愛って、互いに呼応することで生まれる
主役は耳の聞こえないボクサー、ケイコ。弟に「勝手に人の心読まないで」「話したからって解決しない」と伝える彼女は、他人が思考の先回りをすることを嫌がるし、言葉の駆け引きでは欲しいものは何も手に入らないことを経験的に知っている。
この映画では情緒的にわかりやすい物語展開は避けられる。しかし、それ自体が破棄されているわけではない。物語を誘発するのは空間と身体である。ケイコの生活圏は概して河川敷や階段下といった低い土地で、人々が水に馴染むように生きている。そこに発生する時間を描くだけで物語になるなんて、驚きの発見である。
舞台はコロナ禍の東東京。ボクシングジムには「毎日検温」の貼り紙があり、大会は無観客試合になってしまう。そんなコロナ禍において顕在化したのは身体の不在である。私たちはマスクやオンラインによって外界との接触点を自ら封じてしまった。だが、この映画の人物たちは、他人の身ぶりに誘発されて動きだす。電車の光や轟音に反応して揺さぶられる。
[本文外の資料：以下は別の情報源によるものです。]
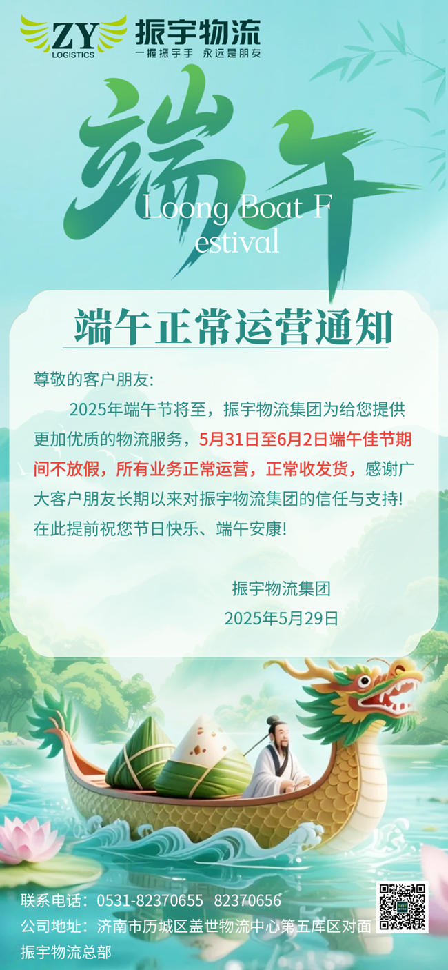 2025年端午節(jié)將至,振宇物流集團為給您提供更加優(yōu)質(zhì)的物流服務(wù),5月31日至6月2日端午佳節(jié)期間不放假,所有業(yè)務(wù)正常運營,正常收發(fā)貨,感謝廣大客戶朋友長期以來對振宇物流集團的信任與支持!在此提前祝您節(jié)日快樂、端午安康!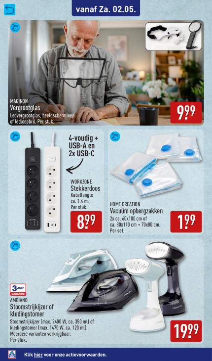 Deze tekst wordt automatisch gegenereerd, dus deze kan fouten bevatten.r B 4 IA | Hi . u 1 \ 4 MAGINON \ + Vergrootglas 8 99 Ledvergrootglas, beeldsc 1 WAE TE“ dla 4-voudig + 5 USB-A en 2x USB-C „Ie WORKZONE Stekkerdoos 3 de Kabellengte ca. 1.4 m. Per stuk. HOME CREATION Vacuüm opbergzakken 2x ca. 60x100 cm of ca. 80x110 cm + 70x80 cm. 71 Hea E [ Per set. > = EP Zyaar ] F2 © er AMBIANO fo TS FL Stoomstrijkijzer of kledingstomer Stoomstrijkijzer (max. 2400 W‚ ca. 350 ml) of kledingstomer (max. 1470 W, ca. 120 ml). Meerdere varianten verkrijgbaar. KT Per stuk. Klik hier voor onze actievoorwaarden.

映画で描かれるのはジムや職場といった限りある場所での弱いつながりばかりだ。でも、そこに互いの身体があって、互いが感応し合うだけで、そこには愛の萌芽がある。私たちがコロナ禍で失ったのは、頼りない魂が交歓し合う空間と身体であり、それは愛を蔑(ないがし)ろにすることであったことに思い至る。